--- REQUIRED WORK ---
In the listing below, start your output at the line with "The structured silhouette" and end it after the line with "活动详情:活动期间宝石大比拼", copying every line exactly.

─── EXERCISE DATA ───

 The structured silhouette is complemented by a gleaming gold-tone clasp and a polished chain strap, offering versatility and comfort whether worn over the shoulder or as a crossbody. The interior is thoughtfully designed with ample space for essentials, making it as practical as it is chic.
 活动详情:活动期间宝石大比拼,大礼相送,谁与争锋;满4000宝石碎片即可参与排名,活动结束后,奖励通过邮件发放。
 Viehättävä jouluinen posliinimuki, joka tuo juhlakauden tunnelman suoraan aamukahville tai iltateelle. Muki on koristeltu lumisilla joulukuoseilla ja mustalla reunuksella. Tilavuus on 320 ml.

───
─── EXERCISE DATA ───

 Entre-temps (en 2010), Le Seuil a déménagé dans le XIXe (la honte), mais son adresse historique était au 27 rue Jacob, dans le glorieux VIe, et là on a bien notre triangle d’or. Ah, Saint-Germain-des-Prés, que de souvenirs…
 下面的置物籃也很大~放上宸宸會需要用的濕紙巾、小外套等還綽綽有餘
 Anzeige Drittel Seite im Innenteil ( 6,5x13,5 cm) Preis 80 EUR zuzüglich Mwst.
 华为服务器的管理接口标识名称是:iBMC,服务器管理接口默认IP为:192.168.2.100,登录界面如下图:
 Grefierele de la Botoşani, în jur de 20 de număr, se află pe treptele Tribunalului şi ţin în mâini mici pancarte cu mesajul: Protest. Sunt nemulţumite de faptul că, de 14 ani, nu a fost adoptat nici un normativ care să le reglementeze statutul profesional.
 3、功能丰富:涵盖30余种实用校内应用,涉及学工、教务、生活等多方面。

───
─── EXERCISE DATA ───

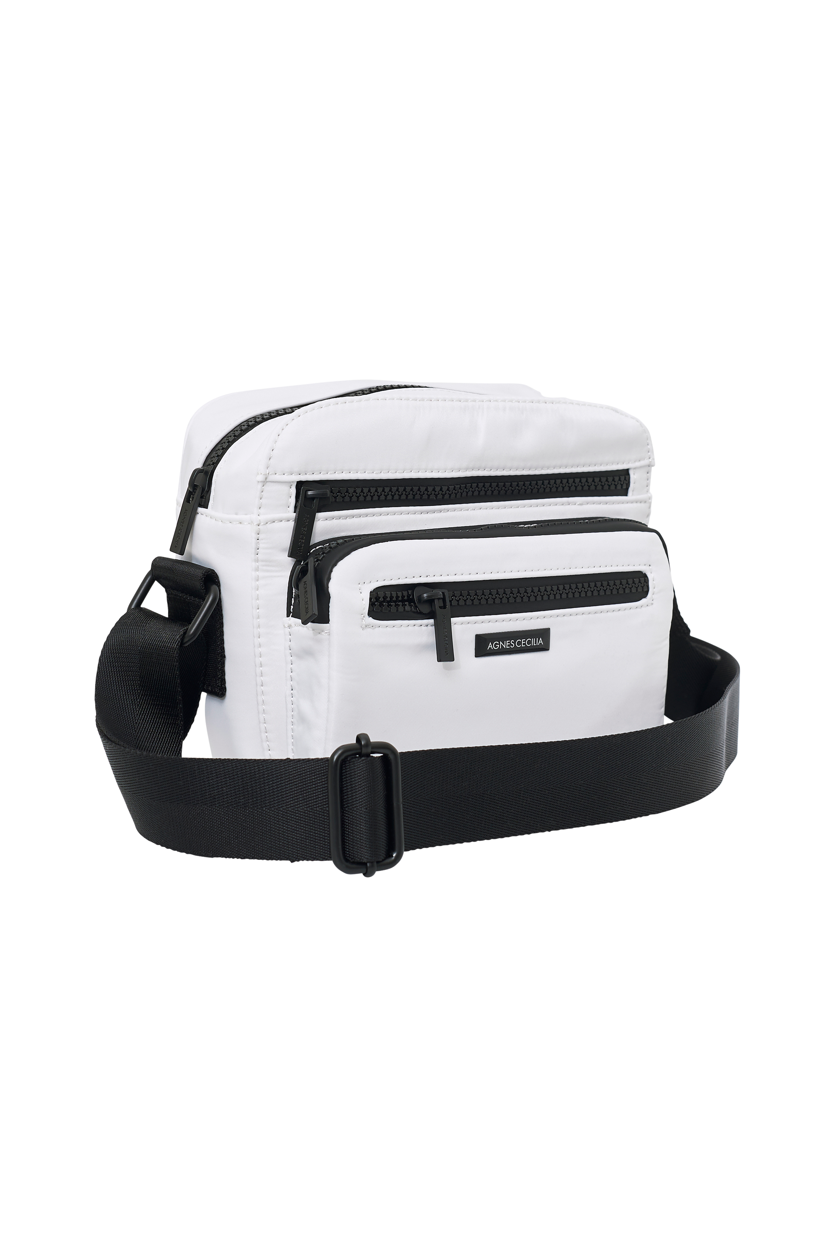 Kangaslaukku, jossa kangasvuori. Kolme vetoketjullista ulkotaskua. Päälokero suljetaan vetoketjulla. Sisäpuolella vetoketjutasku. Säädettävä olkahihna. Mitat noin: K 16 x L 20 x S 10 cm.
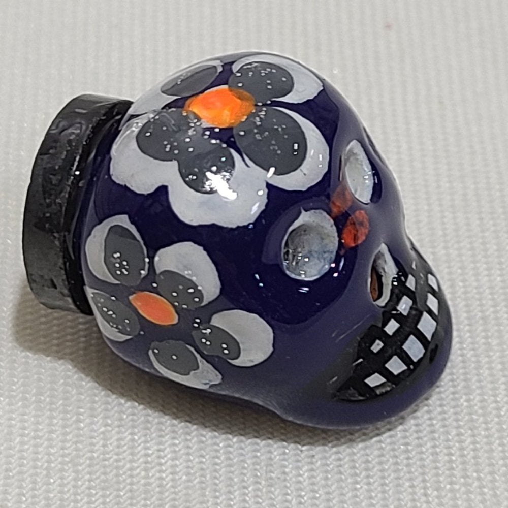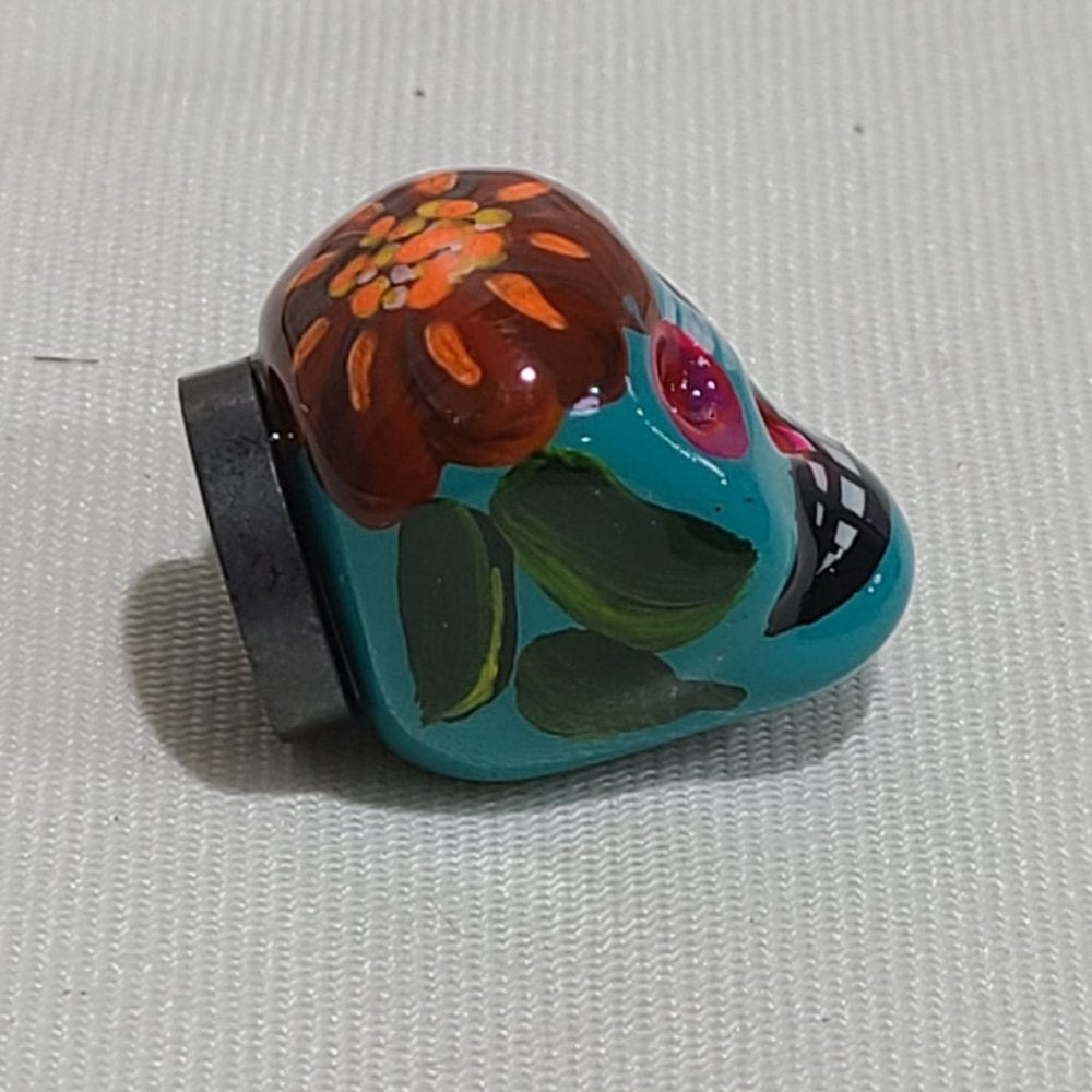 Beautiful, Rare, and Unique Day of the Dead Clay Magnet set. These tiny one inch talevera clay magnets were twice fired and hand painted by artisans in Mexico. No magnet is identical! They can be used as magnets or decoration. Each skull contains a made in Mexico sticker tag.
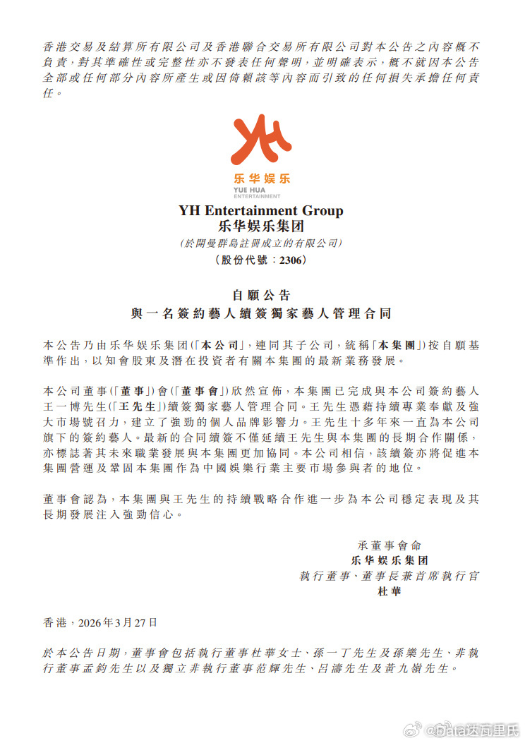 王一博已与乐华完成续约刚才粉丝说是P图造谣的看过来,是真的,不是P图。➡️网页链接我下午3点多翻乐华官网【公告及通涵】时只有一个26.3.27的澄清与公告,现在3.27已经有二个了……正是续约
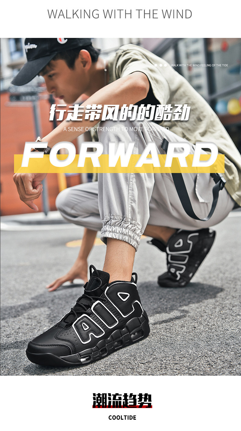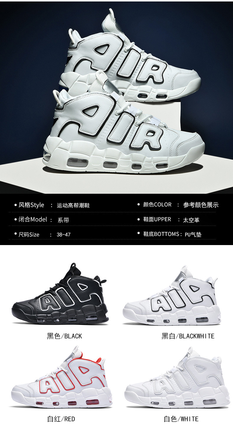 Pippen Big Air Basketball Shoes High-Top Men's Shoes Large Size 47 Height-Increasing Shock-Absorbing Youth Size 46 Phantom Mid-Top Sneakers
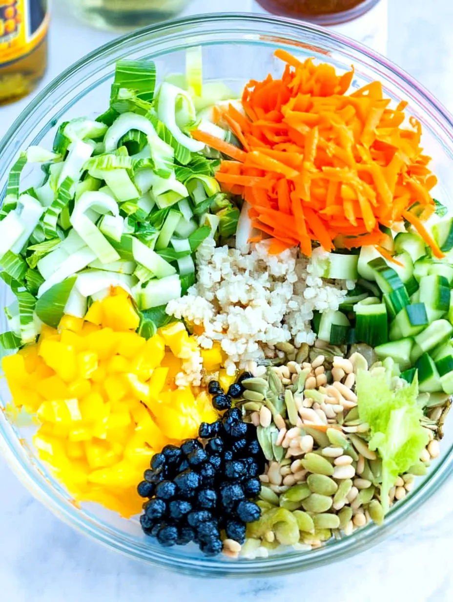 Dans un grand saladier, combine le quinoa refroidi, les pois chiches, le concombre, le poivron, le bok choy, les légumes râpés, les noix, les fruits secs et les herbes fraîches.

───

--- RESPONSE ---
 The structured silhouette is complemented by a gleaming gold-tone clasp and a polished chain strap, offering versatility and comfort whether worn over the shoulder or as a crossbody. The interior is thoughtfully designed with ample space for essentials, making it as practical as it is chic.
 活动详情:活动期间宝石大比拼,大礼相送,谁与争锋;满4000宝石碎片即可参与排名,活动结束后,奖励通过邮件发放。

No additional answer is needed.